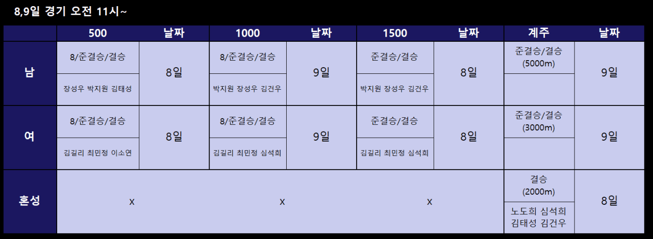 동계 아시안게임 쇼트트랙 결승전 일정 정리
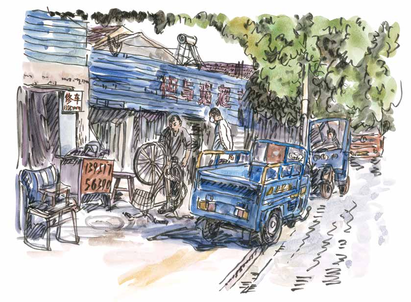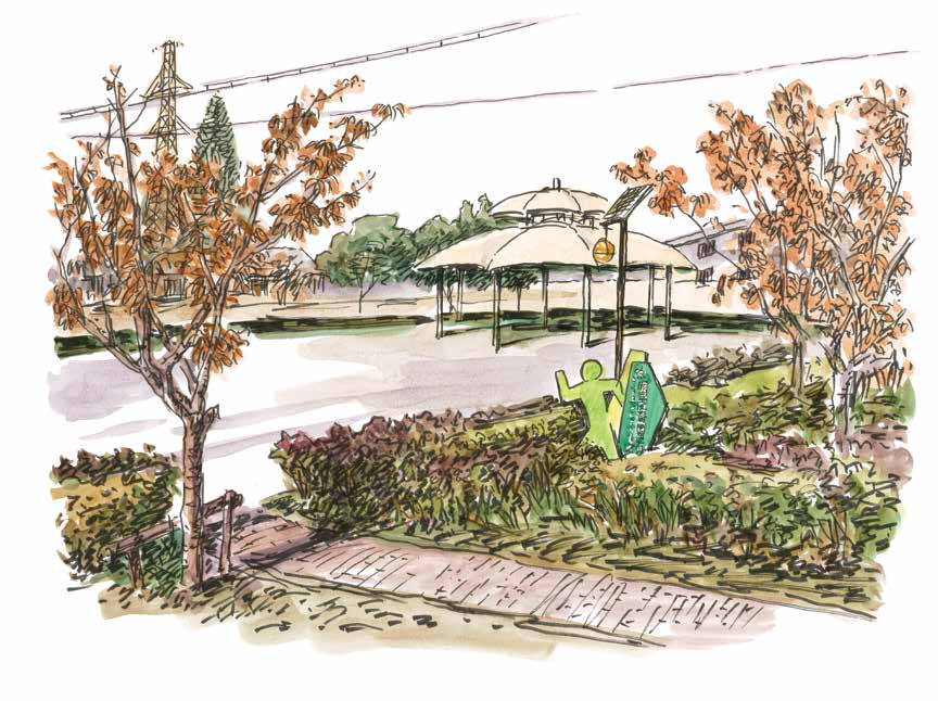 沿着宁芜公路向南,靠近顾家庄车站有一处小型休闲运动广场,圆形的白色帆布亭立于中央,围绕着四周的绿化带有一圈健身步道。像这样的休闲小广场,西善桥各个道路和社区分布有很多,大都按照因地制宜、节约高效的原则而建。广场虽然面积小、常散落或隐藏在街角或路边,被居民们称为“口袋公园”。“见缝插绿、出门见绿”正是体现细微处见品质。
-------------------------
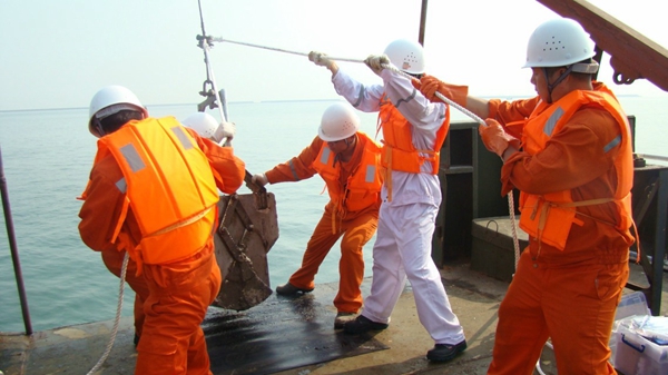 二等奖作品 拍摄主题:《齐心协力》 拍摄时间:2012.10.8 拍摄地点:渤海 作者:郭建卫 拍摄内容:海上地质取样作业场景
-------------------------
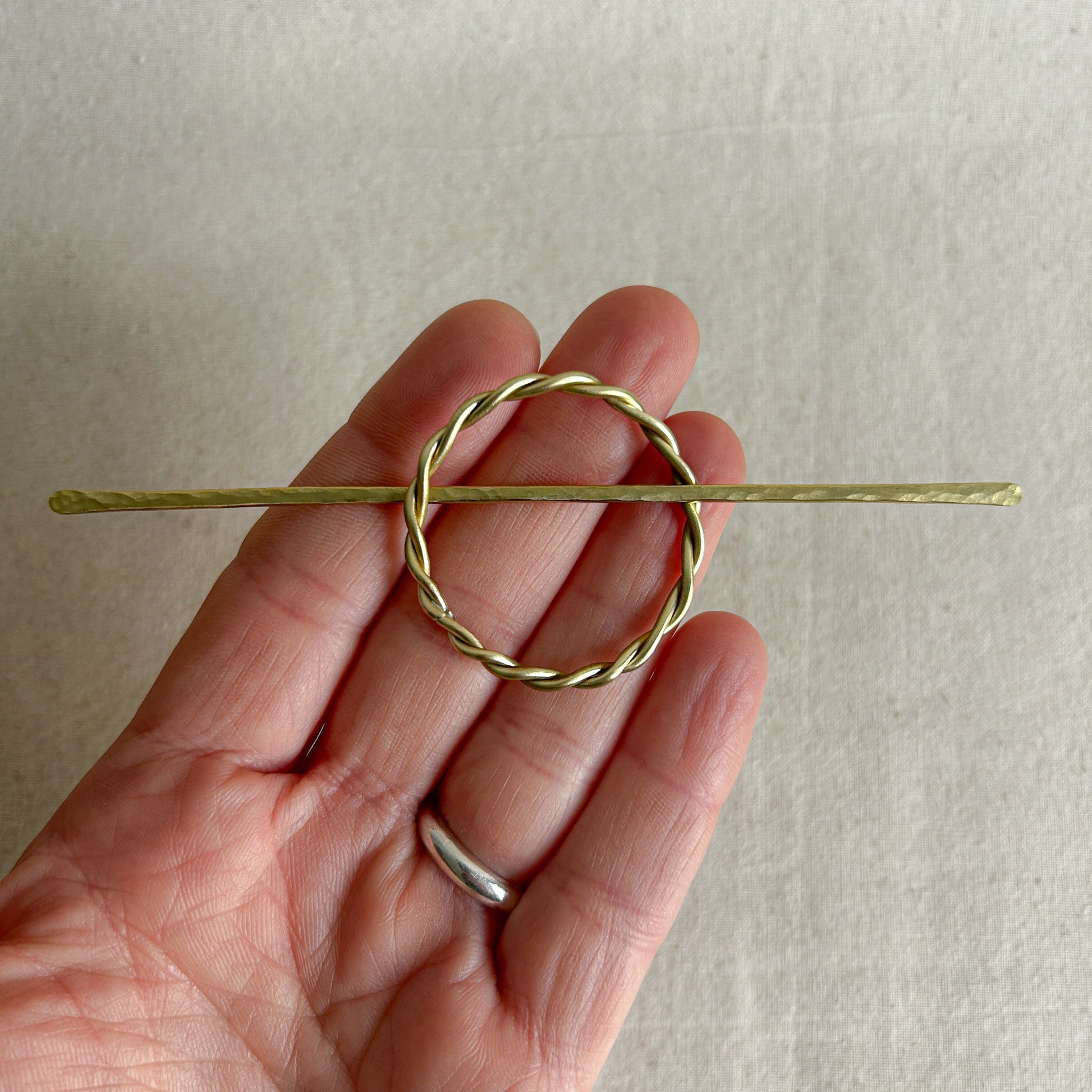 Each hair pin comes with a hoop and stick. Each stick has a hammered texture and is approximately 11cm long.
-------------------------
**TASK GOAL**
In the entries above, find the line that contains "동계 아시안게임 쇼트트랙 결승전 일정 정리" and the line that contains "沿着宁芜公路向南,靠近顾家庄". Reproduce exactly those two lines and every line between them, but not the pictures.

**RESPONSE AREA**
 동계 아시안게임 쇼트트랙 결승전 일정 정리
 沿着宁芜公路向南,靠近顾家庄车站有一处小型休闲运动广场,圆形的白色帆布亭立于中央,围绕着四周的绿化带有一圈健身步道。像这样的休闲小广场,西善桥各个道路和社区分布有很多,大都按照因地制宜、节约高效的原则而建。广场虽然面积小、常散落或隐藏在街角或路边,被居民们称为“口袋公园”。“见缝插绿、出门见绿”正是体现细微处见品质。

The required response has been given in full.